Your objective
Below is a listing with pictures in it; transcribe exactly the lines from the one that has "Primitive Vintage Mid" through the one that has "8 novembre 1873.", and omit those pictures.

Given data
________________________

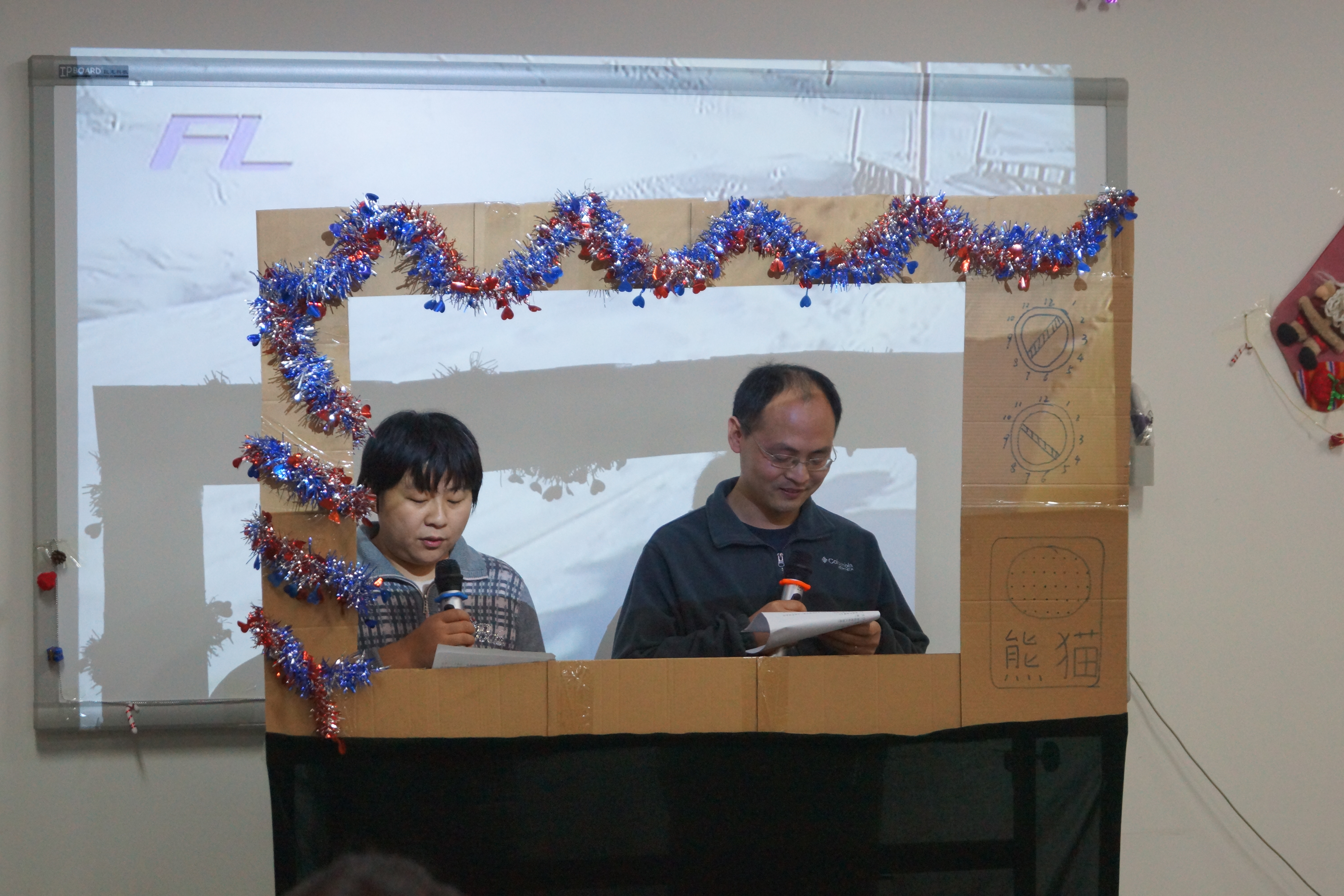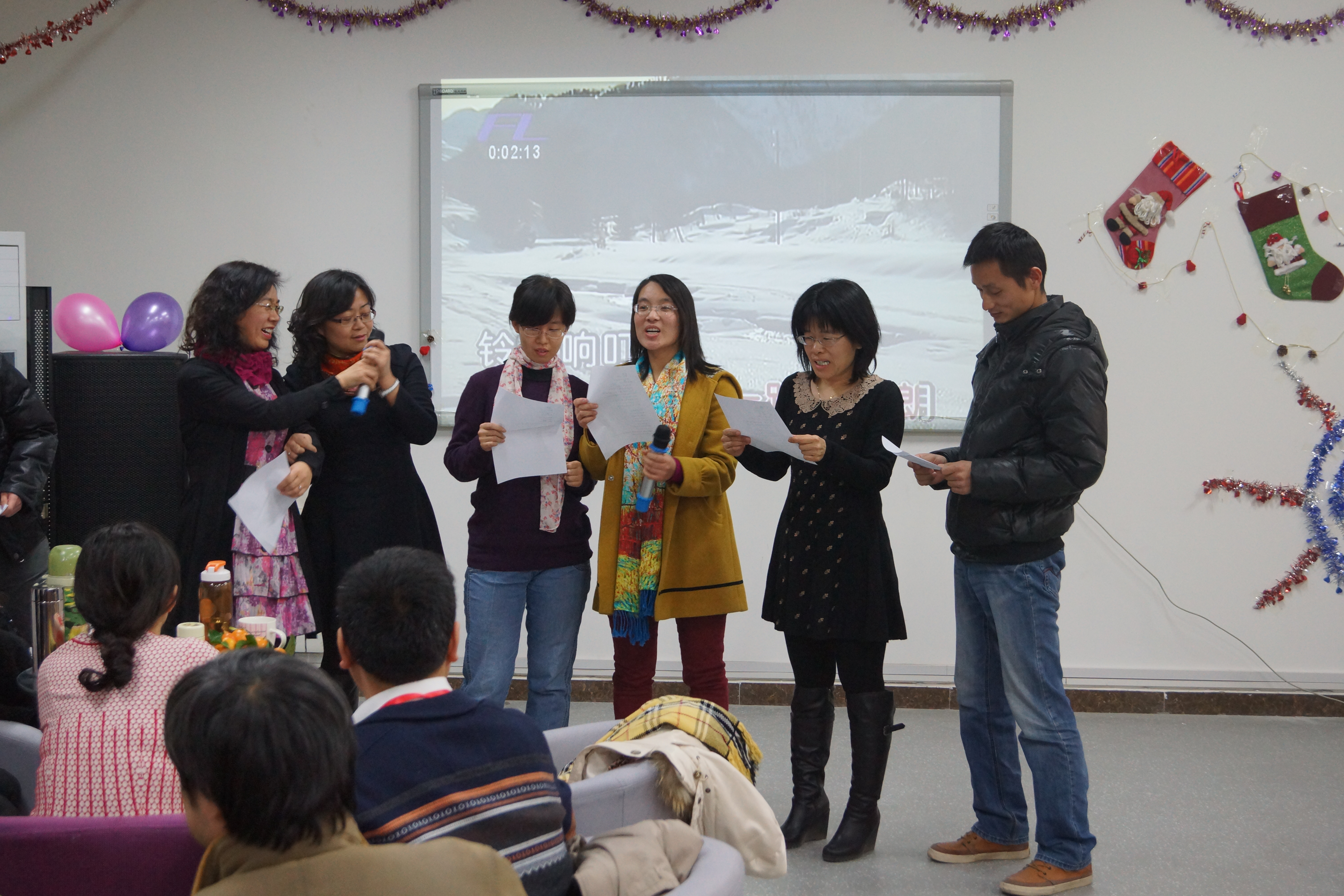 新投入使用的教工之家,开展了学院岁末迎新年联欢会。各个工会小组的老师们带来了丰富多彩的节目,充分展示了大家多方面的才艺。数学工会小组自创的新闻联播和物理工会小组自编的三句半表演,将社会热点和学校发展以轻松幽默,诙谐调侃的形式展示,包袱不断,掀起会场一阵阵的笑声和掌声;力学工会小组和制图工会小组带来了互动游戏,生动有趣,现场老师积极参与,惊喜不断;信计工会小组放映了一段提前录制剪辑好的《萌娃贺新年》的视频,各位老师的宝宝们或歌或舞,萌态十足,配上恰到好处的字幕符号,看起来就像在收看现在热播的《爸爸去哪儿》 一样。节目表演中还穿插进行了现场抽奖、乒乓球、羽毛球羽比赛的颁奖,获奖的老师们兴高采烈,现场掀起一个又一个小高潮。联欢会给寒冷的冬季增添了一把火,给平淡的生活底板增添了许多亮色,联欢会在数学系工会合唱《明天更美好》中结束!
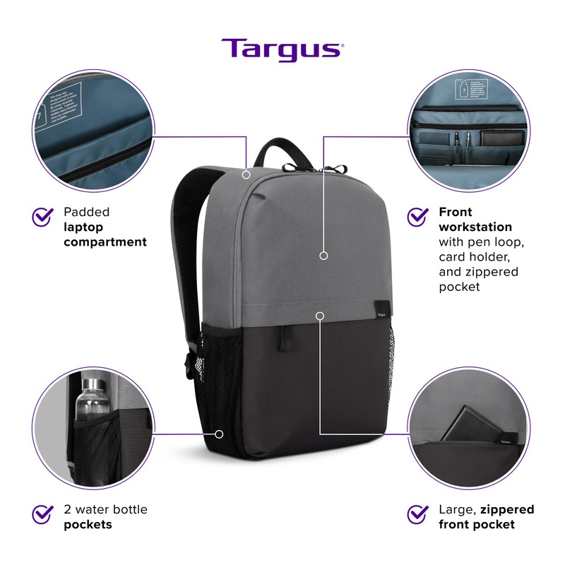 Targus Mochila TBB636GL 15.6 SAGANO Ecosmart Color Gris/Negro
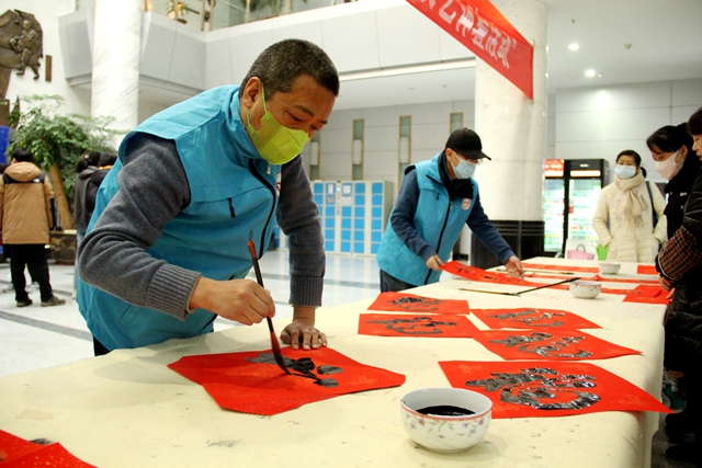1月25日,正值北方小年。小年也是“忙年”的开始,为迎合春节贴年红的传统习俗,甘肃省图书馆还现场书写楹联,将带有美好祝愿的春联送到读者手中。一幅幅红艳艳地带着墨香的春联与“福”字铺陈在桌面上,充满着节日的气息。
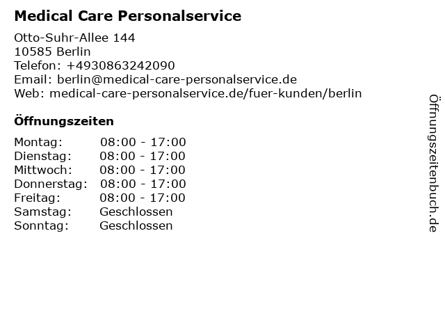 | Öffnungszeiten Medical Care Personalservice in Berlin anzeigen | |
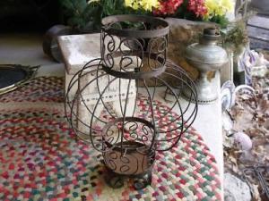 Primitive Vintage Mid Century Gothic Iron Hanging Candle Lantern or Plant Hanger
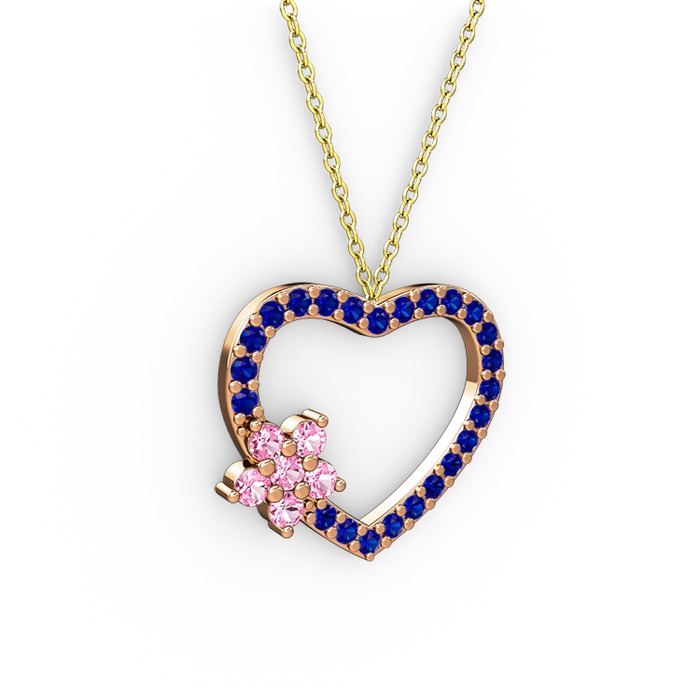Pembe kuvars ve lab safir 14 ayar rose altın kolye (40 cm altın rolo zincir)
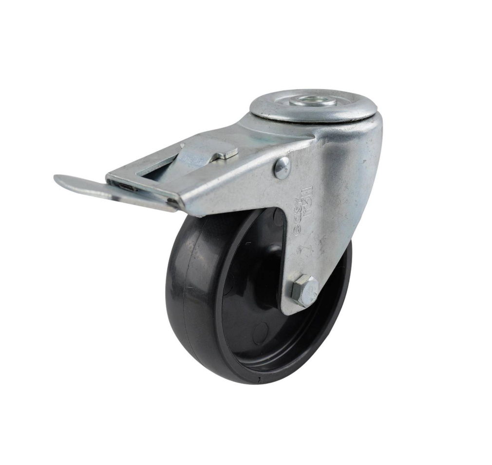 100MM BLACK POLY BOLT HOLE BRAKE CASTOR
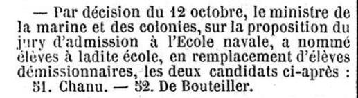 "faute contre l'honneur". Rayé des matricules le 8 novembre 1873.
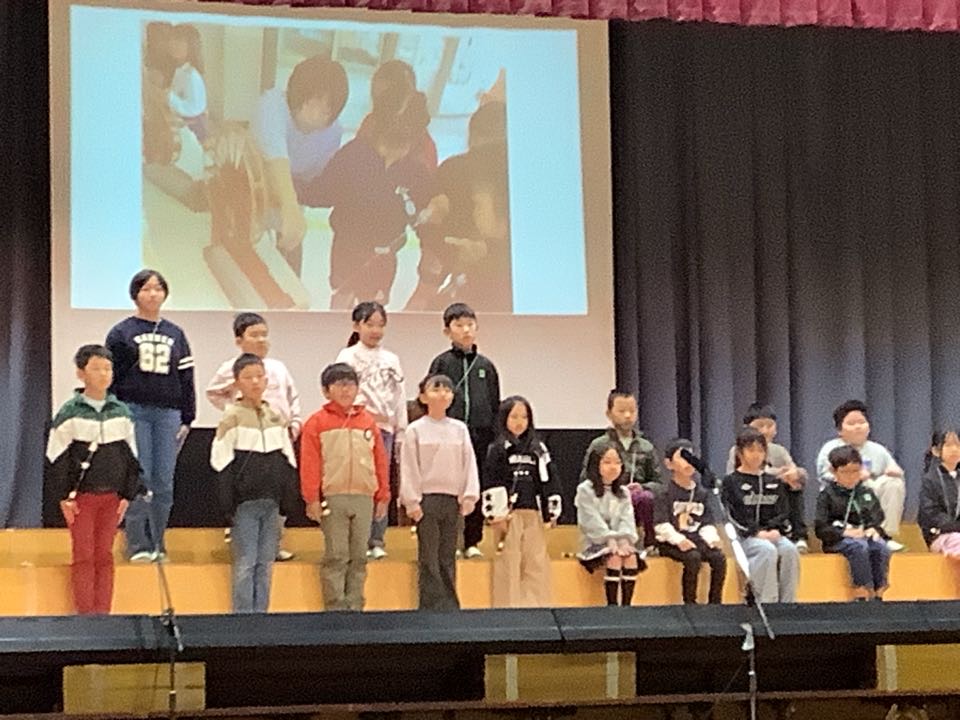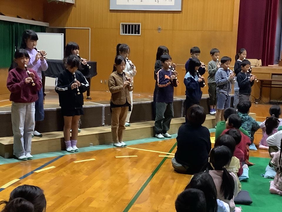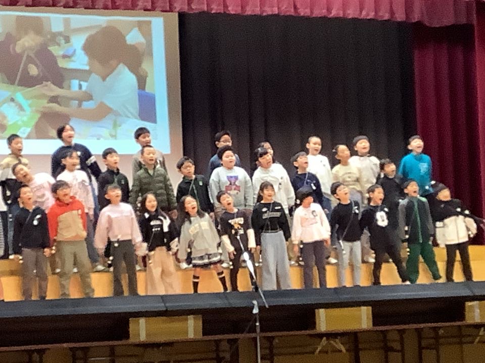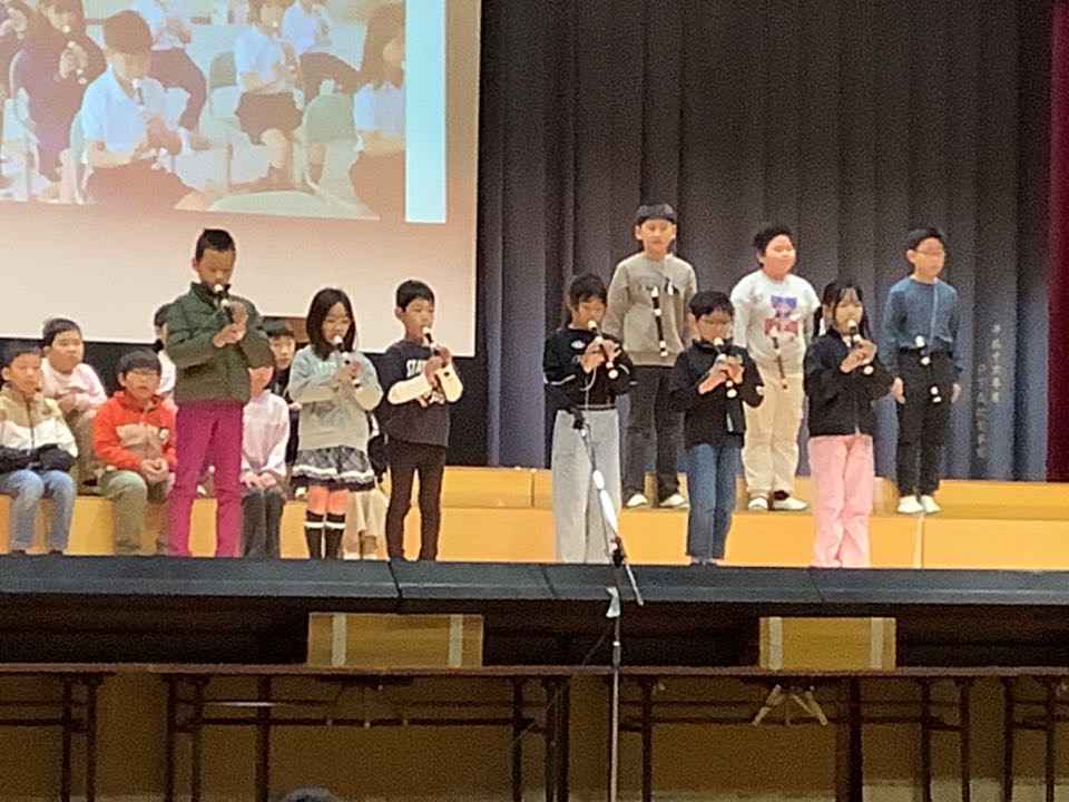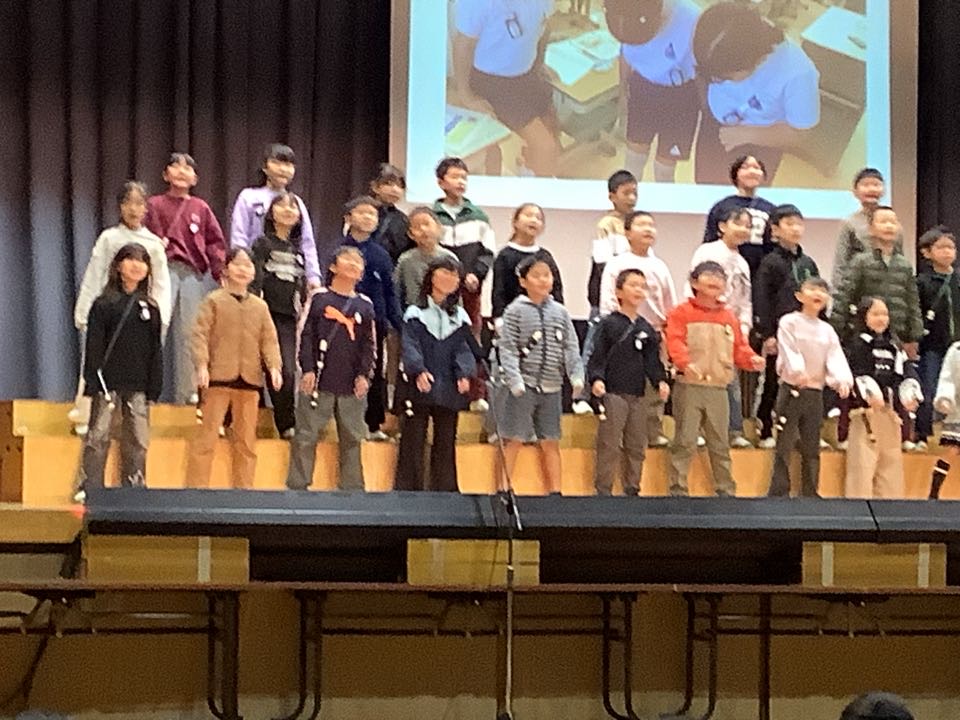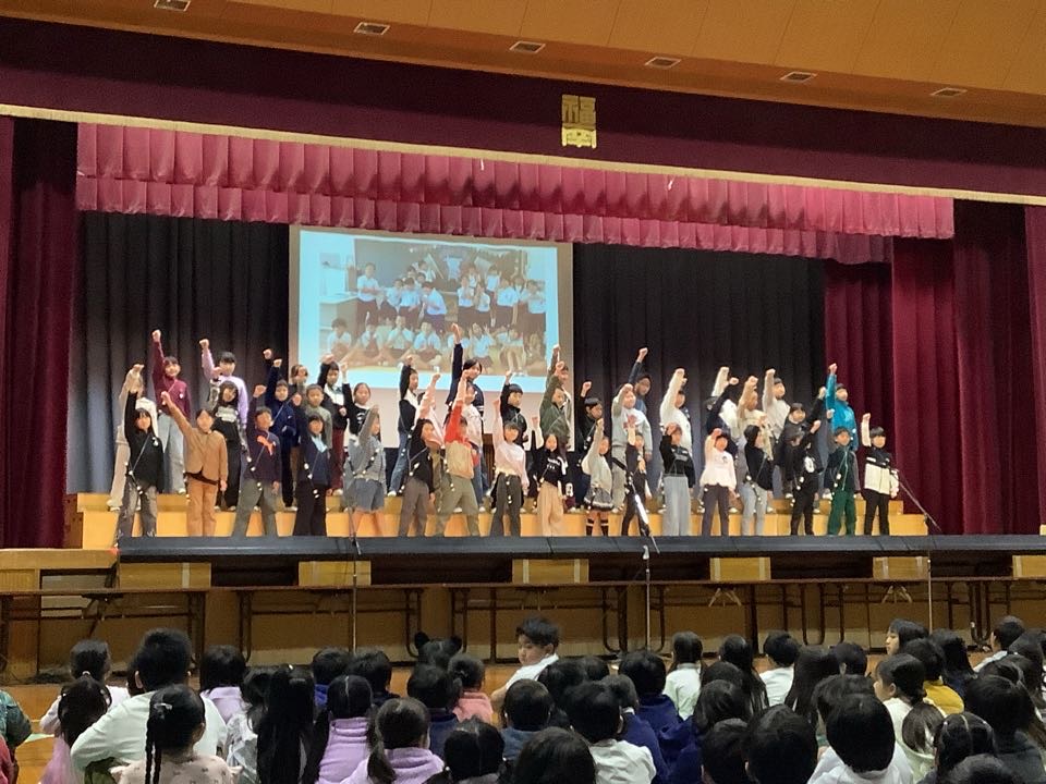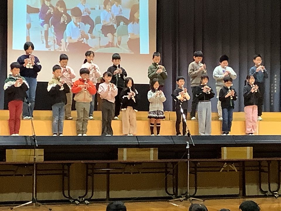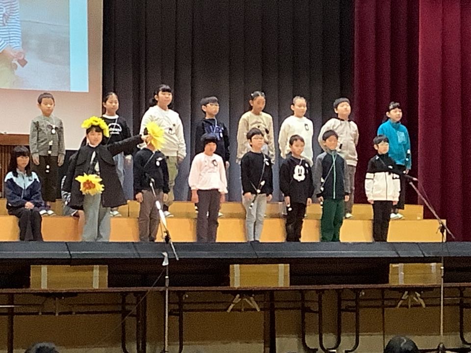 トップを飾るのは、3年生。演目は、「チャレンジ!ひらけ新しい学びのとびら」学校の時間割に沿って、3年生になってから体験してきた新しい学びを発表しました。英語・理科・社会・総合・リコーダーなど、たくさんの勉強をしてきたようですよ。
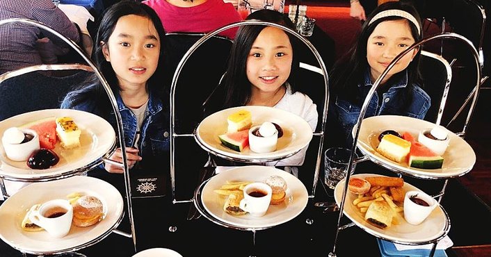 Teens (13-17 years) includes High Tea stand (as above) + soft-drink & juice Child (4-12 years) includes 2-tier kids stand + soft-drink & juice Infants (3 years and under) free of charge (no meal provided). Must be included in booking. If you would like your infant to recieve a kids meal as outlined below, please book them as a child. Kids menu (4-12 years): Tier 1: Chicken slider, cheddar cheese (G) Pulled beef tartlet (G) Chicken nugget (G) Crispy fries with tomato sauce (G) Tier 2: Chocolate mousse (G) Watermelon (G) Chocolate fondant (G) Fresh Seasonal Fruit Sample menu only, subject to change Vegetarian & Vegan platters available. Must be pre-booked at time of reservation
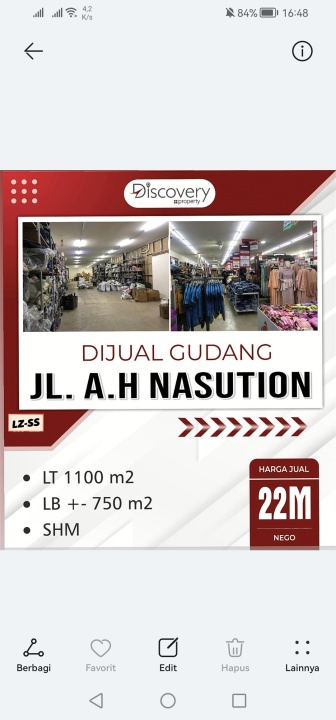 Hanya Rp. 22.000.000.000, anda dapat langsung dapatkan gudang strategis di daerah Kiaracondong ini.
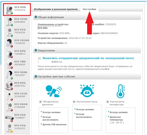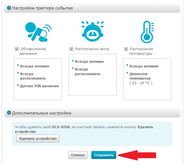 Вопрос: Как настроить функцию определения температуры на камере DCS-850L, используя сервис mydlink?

________________________

The completed task
 Primitive Vintage Mid Century Gothic Iron Hanging Candle Lantern or Plant Hanger
Pembe kuvars ve lab safir 14 ayar rose altın kolye (40 cm altın rolo zincir)
 100MM BLACK POLY BOLT HOLE BRAKE CASTOR
 "faute contre l'honneur". Rayé des matricules le 8 novembre 1873.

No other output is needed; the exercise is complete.